While policy proposals are being discussed, I'd like to take a step back
and offer up a different perspective:

If we accept that timely execution of revocation is an essential and
non-optional function of the WebPKI and that all subscriber parties in the
WebPKI must be prepared to either sacrifice some availability or in the
alternative be prepared to rotate to a new certificate in 24 hours -- at
the outside -- then, I would submit, it's time to approach the matter quite
differently.

Post-issuance certificate lifecycle management is a disaster and it always
has been and no one has put forth good evidence that it will ever improve
-- particularly if we continue to indulge certain constraints imposed by
relying parties and subscribers.

OCSP generally is a privacy problem and OCSP stapling has limited uptake in
the very same systems which are less certificate rotation agile.  It's also
a costly post-issuance burden, the value has not been well demonstrated.
CRLs have other but significant problems.

One solution is right in front of us:  Short Lived Certificates.

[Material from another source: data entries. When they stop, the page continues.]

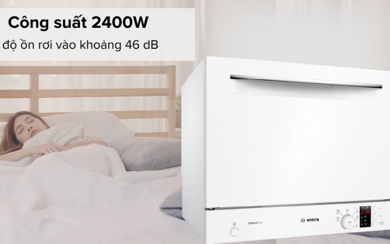 Máy rửa chén Mini Bosch hiện đại, công suất rửa 6 bộ đồ, 6 chương trình rửa.
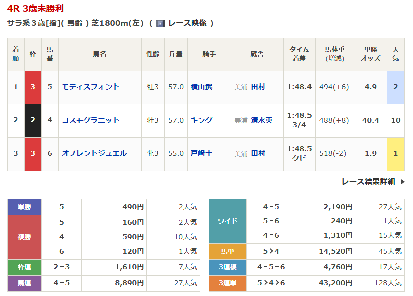 ◎モティスフォント(2人気)1着 単勝490円、複勝160円
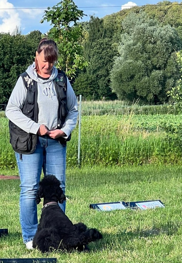 Nyx wird sportlich im Rally Obedience ausgebildet und hat im Oktober 2024 ihre Begleithundeprüfung bestanden
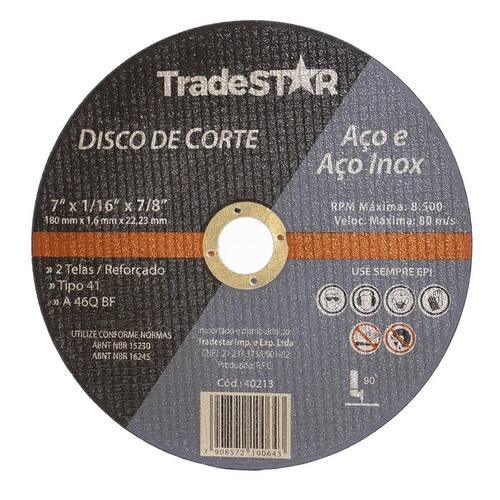 Tamanho: 7 polegadas 180 mm Espessura: 1,6 mm Diâmetro do furo: 22,2 mm Máxima rotação: 8.500 rpm Material: abrasivo de alta qualidade e resina fenólica Indicado para corte em metais ferrosos e não ferrosos, aço inoxidável e materiais de alta dureza Excelente vida útil e capacidade de corte rápido e preciso Atende às normas de segurança da abnt associação brasileira de normas técnicas .

The WebPKI as represented in modern browsers' CA programs' policies should
set forth that either automated rotation by the server-side software stack,
mechanical rotation by external automation, or the introduction of
reverse-proxy elements which provide WebPKI friendly relying-party-facing
interfaces are required elements of offering a reliable WebPKI enabled
service for consumption in modern web clients.  At which point it becomes
relatively trivial to move toward a world with 1 week, 48 hour, and 24 hour
certificate validity periods.  Once we get it down to 24 hour certificate
validity, there is simply no point to further effort on revocation and
revocation effectiveness.

The operational simplicity from the CA side should appeal from a cost
control basis -- administrative labor related to receiving & processing
revocation requests, mass revocation, etc, are eliminated.  Compliance
issues become a pause issuance and fix move-forward issuance.  Commercial
opportunities arise in client infrastructure certificate deployment
management software solutions and consulting.